Upon meeting Brontë for the first time, Gaskell telegraphed out accounts to all of her acquaintances. “Such a life as Miss B’s I never heard of before,” she informs one (The Letters of Mrs. Gaskell, letter 75). “The wonder to me is how she can have kept heart and power alive in her life of desolation,” she tells another (The Letters of Mrs. Gaskell, letter 79). Gaskell has long been charged with manufacturing the myth that Brontë’s life was one of “monotony and privation of any one to love,” and the Life’s main themes of isolation, emotional deprivation, and chronic ill health are now often dismissed by critics as products of Gaskell’s sentimentalism, but it seems that Brontë herself participated in the formation of this impression.
When Gaskell began her acquaintance with Brontë in August 1850, it was at a time of bereavement for Brontë, who had lost all three of her siblings to tuberculosis in quick succession, from September 1848 to May 1849. Her grief was exacerbated by her decision to prepare a new edition of her sisters’ novels, Emily’s Wuthering Heights (1847) and Anne’s Agnes Grey (1847), to which she planned to append a selection of their poetry. Rereading her sisters’ work “ ‘occasioned a depression of spirits well nigh intolerable,’ ” Brontë told Nussey in September 1850. Brontë found that her grief intensified, rather than diminished, over time: “ ‘I am both angry and surprised at myself for not being in better spirits; for not growing accustomed, or at least resigned, to the solitude and isolation of my lot’ ” (p. 361). She described being “haunted” by recollections of her sisters that grew “intolerably poignant,” magnified both by her imagination and by her solitude (pp. 361, 371).
During their initial meeting Brontë supplied Gaskell with a concise but thorough account of her life up to that point, rounding off her pathetic description of the recent deaths of her sisters with the prediction that her own “death will be quite lonely; having no friend or relation in the world to nurse her, & her father dreading a sick room above all places” (The Letters of Mrs. Gaskell, letter 75). Brontë, having been exposed to tuberculosis, understandably feared that her own death might be imminent, and her statement need not be read as purely melodramatic. It does not accurately reflect the objective truth of her situation, however. She had a very close friend, Nussey, and the housekeeper, Tabby, who was more like family than a servant, to care for her. It does reveal a sense of the emotional and intellectual isolation that Brontë felt in no longer being a member of a creative sisterhood. As such, it constitutes an appeal for Gaskell’s understanding and friendship, born of an urge to forge a new literary sisterhood. Brontë emphasizes her personal tragedy and fragility perhaps to offset the incendiary nature of Jane Eyre, whose reputation preceded her, in approaching the more conventionally feminine and socially acceptable Gaskell.
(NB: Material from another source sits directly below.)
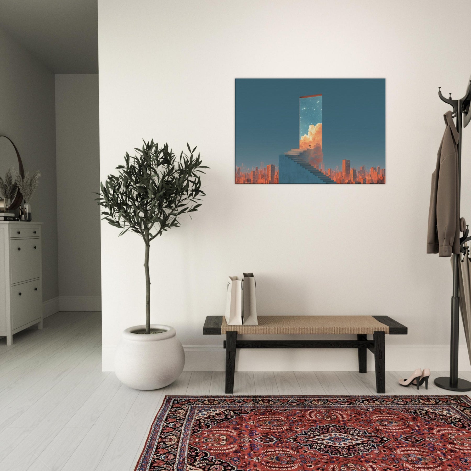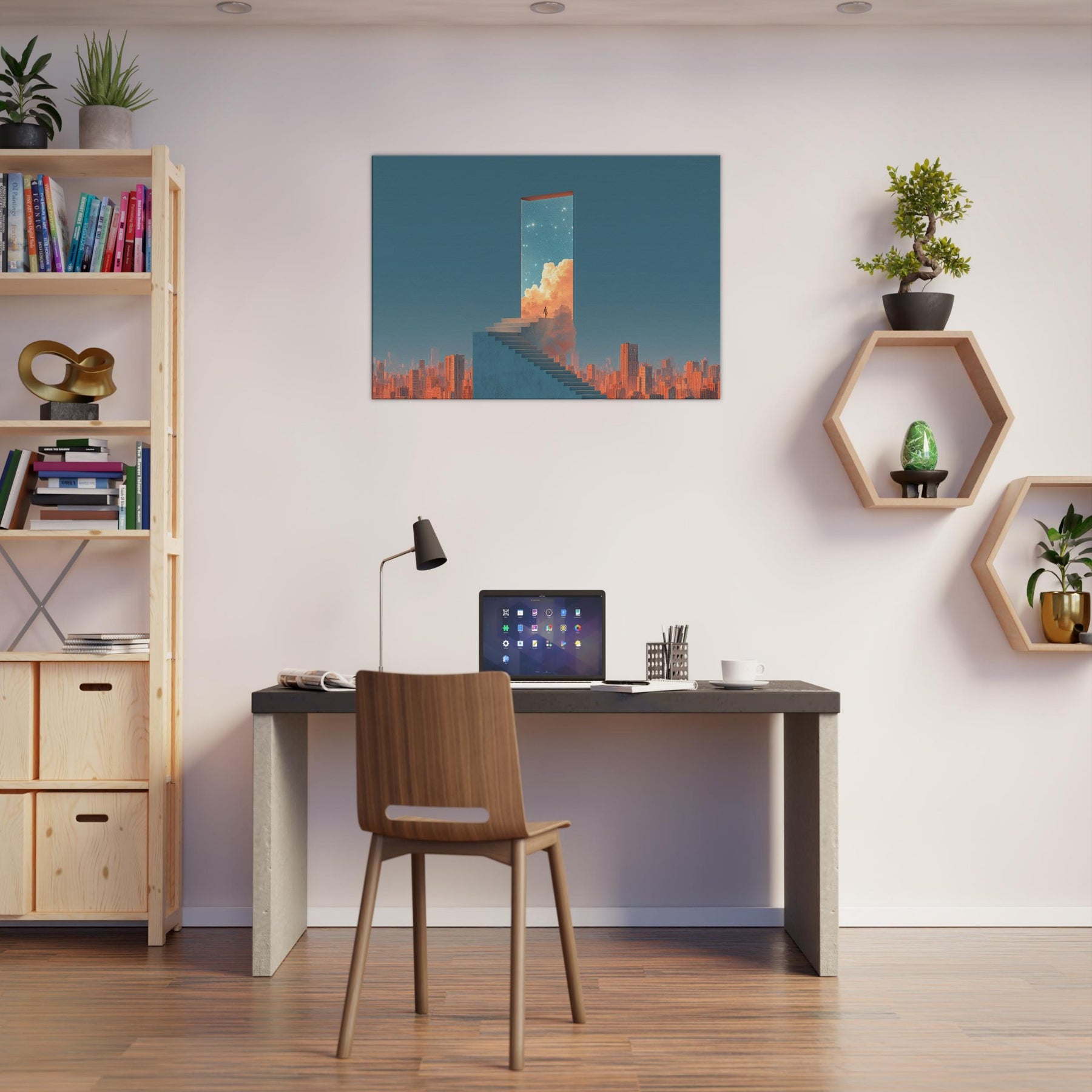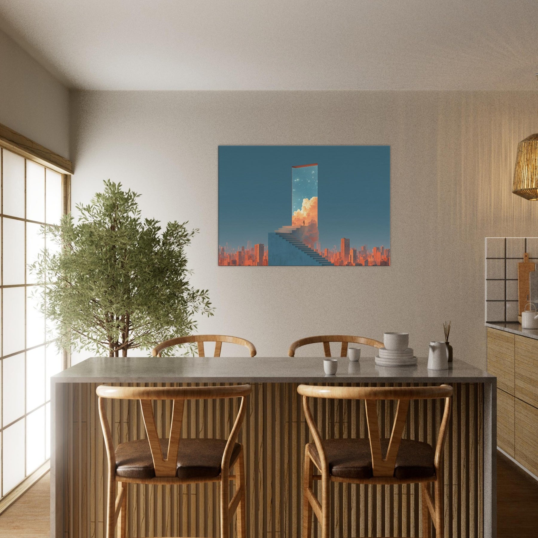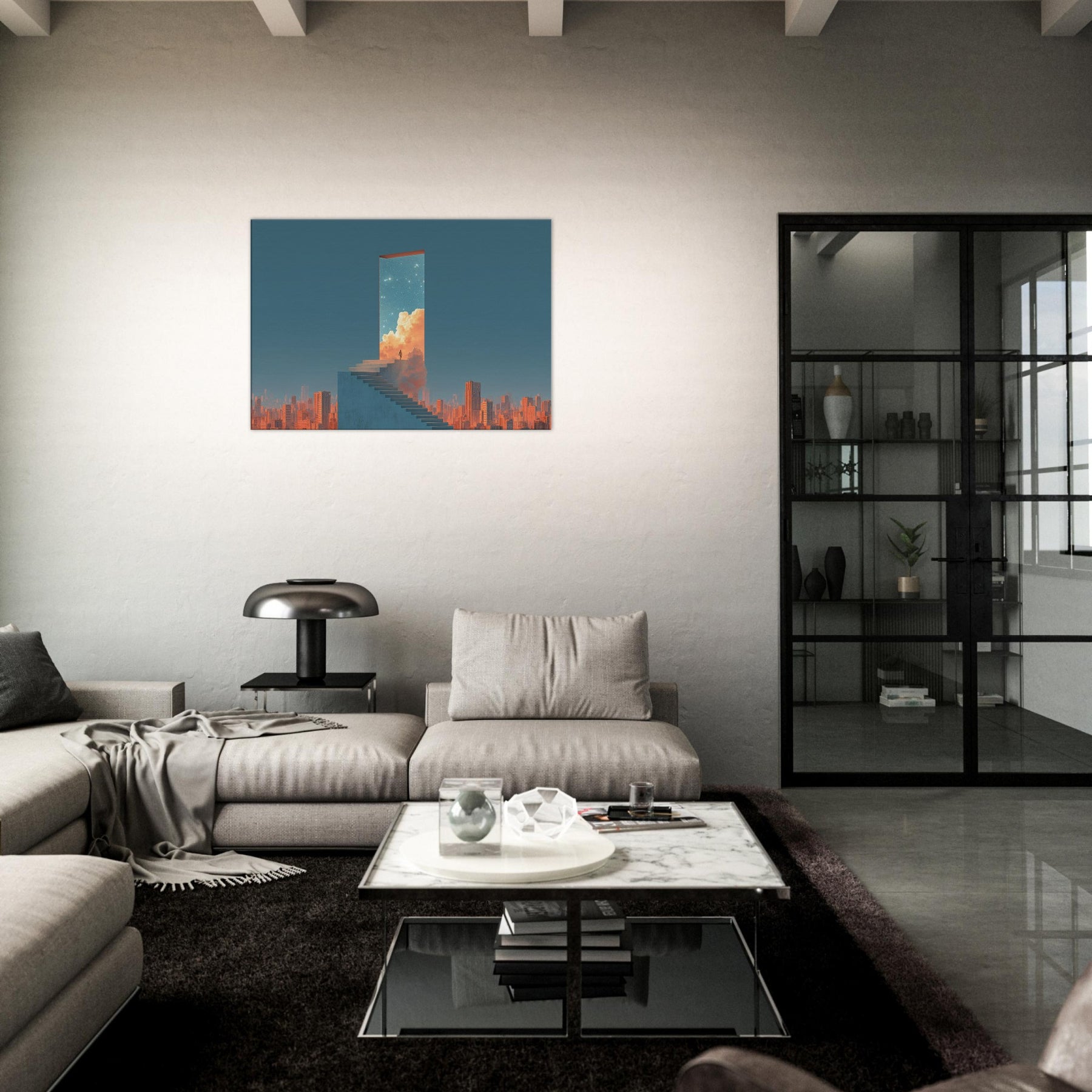 Step into a doorway that floats above a sleeping metropolis. This surreal composition renders Futuristic Skyscrapers as a luminous portal a horizon of clean lines, warm clouds, and a starry sky that invites quiet awe. A lone figure on the staircase becomes a hinge between concrete and celestial possibility, turning a living room into a contemplative promenade. Hang this piece to evoke wonder, soften urban edges, and invite luminous stillness a serene backdrop for conversation, reading, and slow, inspired evenings at home.

Gaskell certainly came away from this meeting with the feeling that Brontë needed her protection, a feeling that is symbolized by her recollection that Brontë’s tiny hands felt like “the soft touch of a bird in the middle of my palm” (p. 77). If the Life sentimentalizes Brontë and her suffering, Brontë was complicit in that construction.
“Morbidity”
Brontë’s cast of mind when she met Gaskell was partly the result of recent sorrow and partly an ongoing psychological reality for Brontë, whose letters indicate that she endured a lifelong struggle with depression. Although she is sometimes evasive about its cause, Gaskell confronts the emotional intensity of Brontë’s depression unflinchingly. Her directness caused one penetrating reviewer to observe that the “inconsiderate” reader would regard the Life as “an unhealthy book” because it “discusses sick minds almost without admitting that they are unsound” (Easson, p. 382). Gaskell wavers between assigning a “constitutional” or physiological cause to Brontë’s depression, and deeming it the product of “this pressure of grief which had crushed all buoyancy of expectation out of her” (p. 95). She cautions the idle critic who would condemn Brontë’s work as “morbid” to remember how death swept her “hearthstone bare of life and love” (p. 297).
Gaskell traces the origin of Brontë’s “hopelessness” to the loss of her mother and her two eldest sisters, Maria and Elizabeth, when she was still a child (p. 95).